(PROBLEM DESCRIPTION) Beginning at the line that contains "в случае низкой", output each line exactly through the end of the records, and drop any pictures.

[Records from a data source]
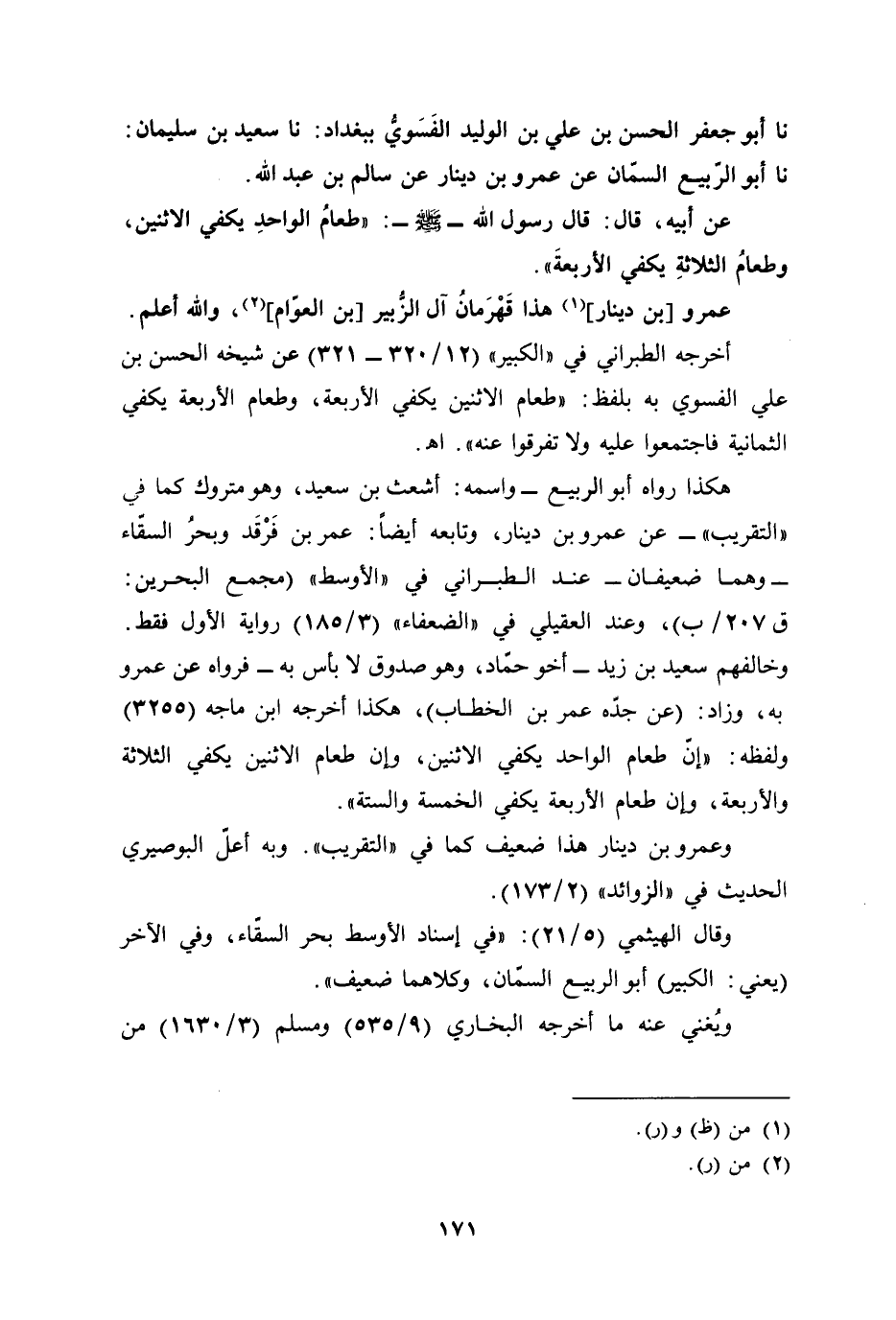 هكذا رواه أبو الربيع -واسمه: أشعث بن سعيد، وهو متروك كما في "التقريب"- عن عمرو بن دينار، وتابعه أيضًا: عمر بن فَرْقَد وبحرُ السقّاء -وهما ضعيفان- عند الطبراني في "الأوسط" (مجمع البحرين: ق 207/ ب)، وعند العقيلي في "الضعفاء" (3/ 185) رواية الأول فقط. وخالفهم سعيد بن زيد -أخو حمّاد، وهو صدوق لا بأس به- فرواه عن عمرو به، وزاد: (عن جدّه عمر بن الخطاب)، هكذا أخرجه ابن ماجه (3255) ولفظه: "إنّ طعام الواحد يكفي الاثنين، وإن طعام الاثنين يكفي الثلاثة والأربعة، وإن طعام الأربعة يكفي الخمسة والستة".
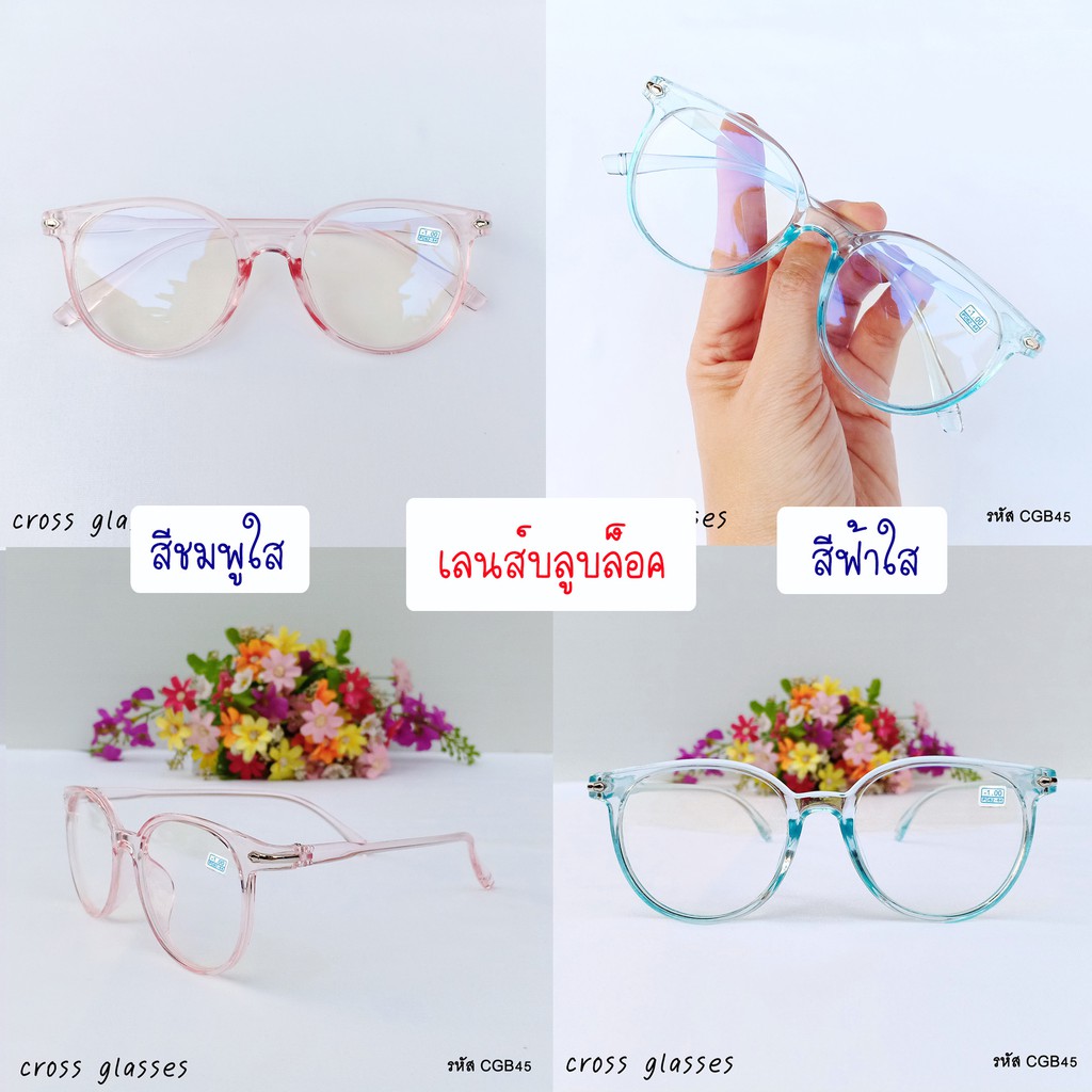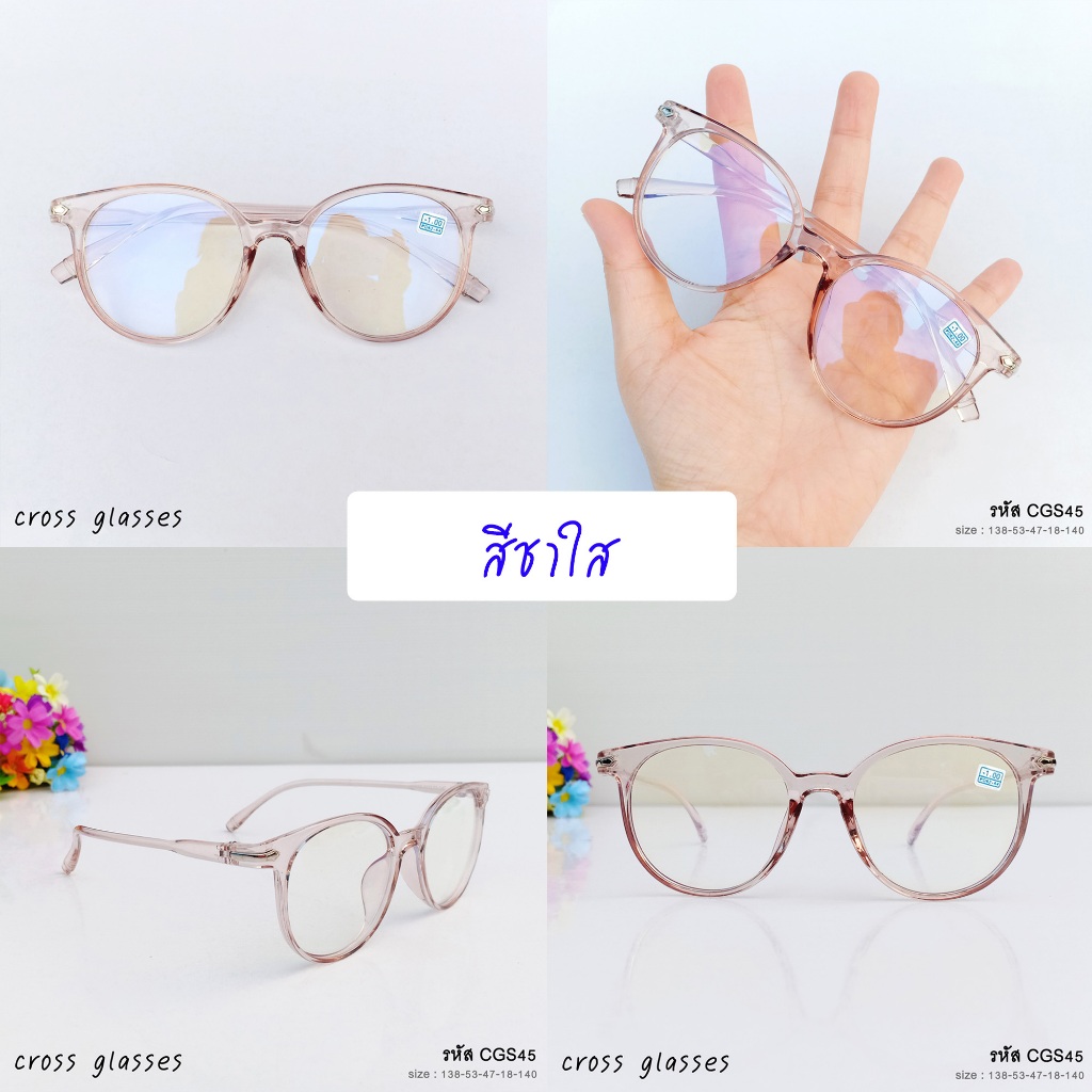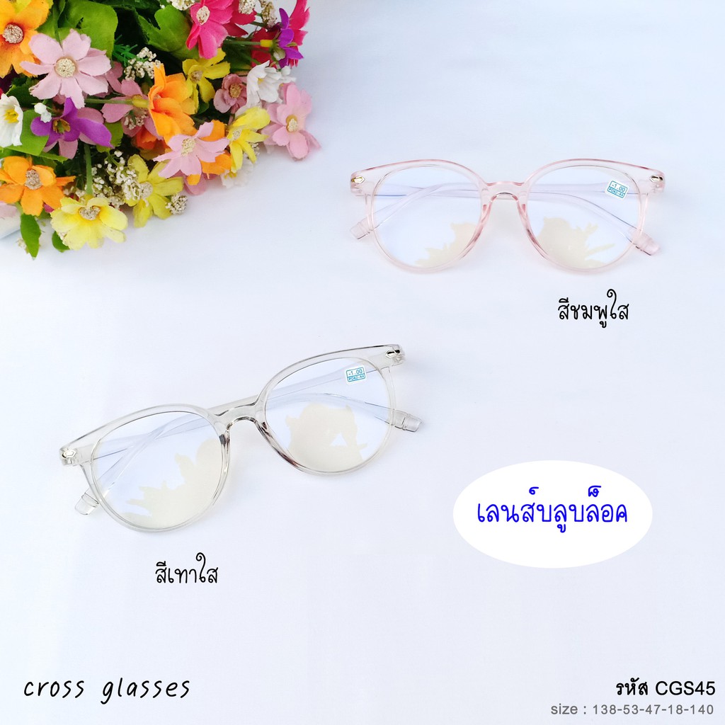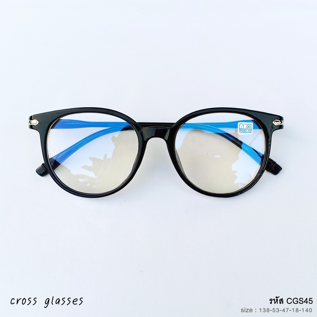 แว่นสายตาสั้นกรองแสง -0.5 ถึง-4.0 และสายตาปกติ เลนส์บลูบล็อค ทรงหยดน้ำ รหัส CGS45 พร้อมกล่อง+ผ้าเช็ดเลนส์
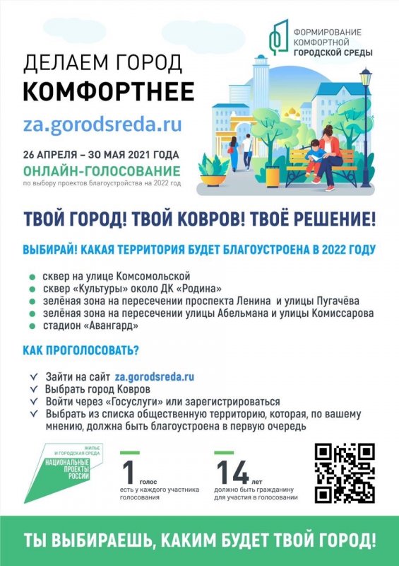 в случае низкой активности горожан при отборе территорий через данный портал денежные средства на благоустройство общественных пространств в рамках Национального проекта «Жилье и городская среда» выделяться не будут!
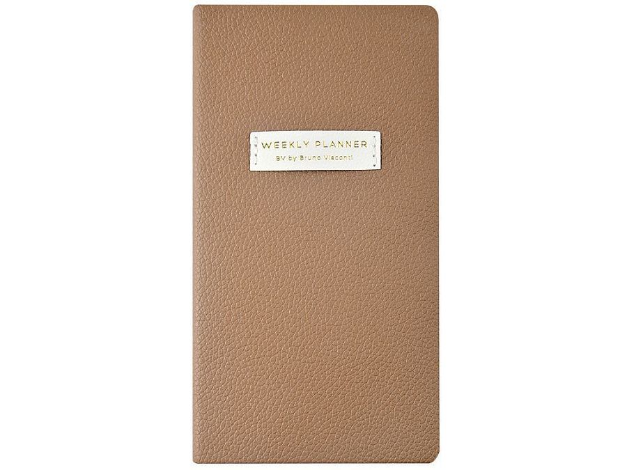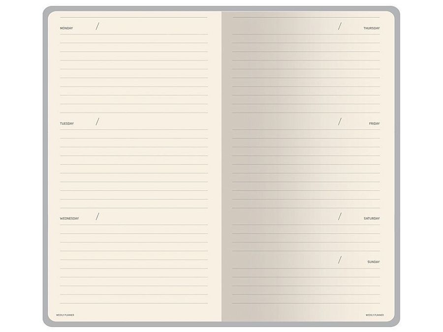 Внутри — недатированный блок формата А6 (84×160 мм) на бежевой бумаге 80 г/м². Книжный переплёт хорошо раскрывается, а скруглённые углы одновременно придают еженедельнику премиальный вид и защищают края при носке. Ляссе‑закладка выполнена в цвет обложки и помогает быстро находить нужную страницу.
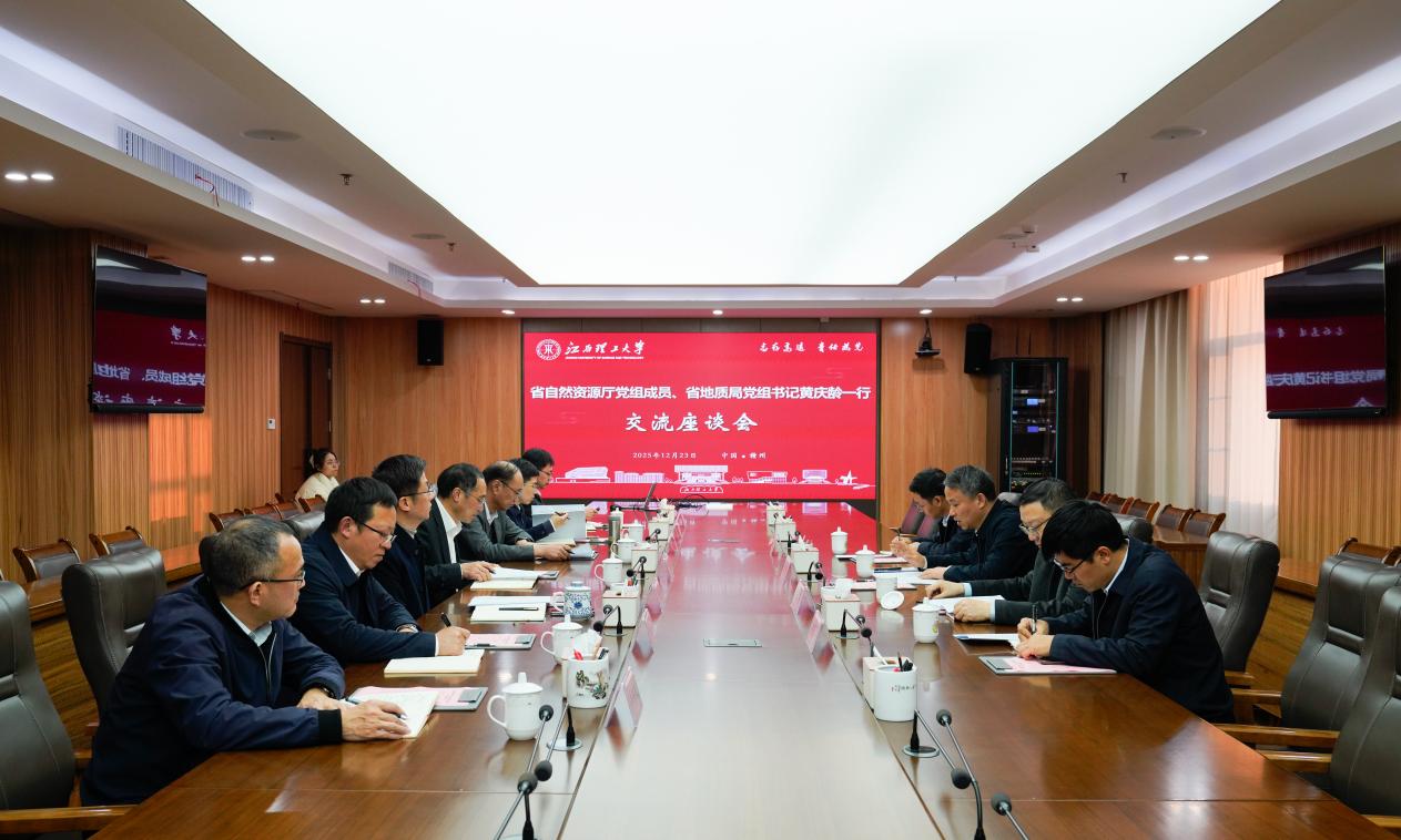 本网讯 12月23日,省自然资源厅党组成员、省地质局党组书记黄庆龄一行来访裸聊直播 ,校党委书记刘祖文,中国工程院院士、校长葛世荣出席,双方就深化局校合作进行了深入交流。省地质局党组成员、副局长吴俊华,校领导徐志峰、熊志华、汪航参加座谈。

(REPLY TO THE TASK)
 в случае низкой активности горожан при отборе территорий через данный портал денежные средства на благоустройство общественных пространств в рамках Национального проекта «Жилье и городская среда» выделяться не будут!
 Внутри — недатированный блок формата А6 (84×160 мм) на бежевой бумаге 80 г/м². Книжный переплёт хорошо раскрывается, а скруглённые углы одновременно придают еженедельнику премиальный вид и защищают края при носке. Ляссе‑закладка выполнена в цвет обложки и помогает быстро находить нужную страницу.
 本网讯 12月23日,省自然资源厅党组成员、省地质局党组书记黄庆龄一行来访裸聊直播 ,校党委书记刘祖文,中国工程院院士、校长葛世荣出席,双方就深化局校合作进行了深入交流。省地质局党组成员、副局长吴俊华,校领导徐志峰、熊志华、汪航参加座谈。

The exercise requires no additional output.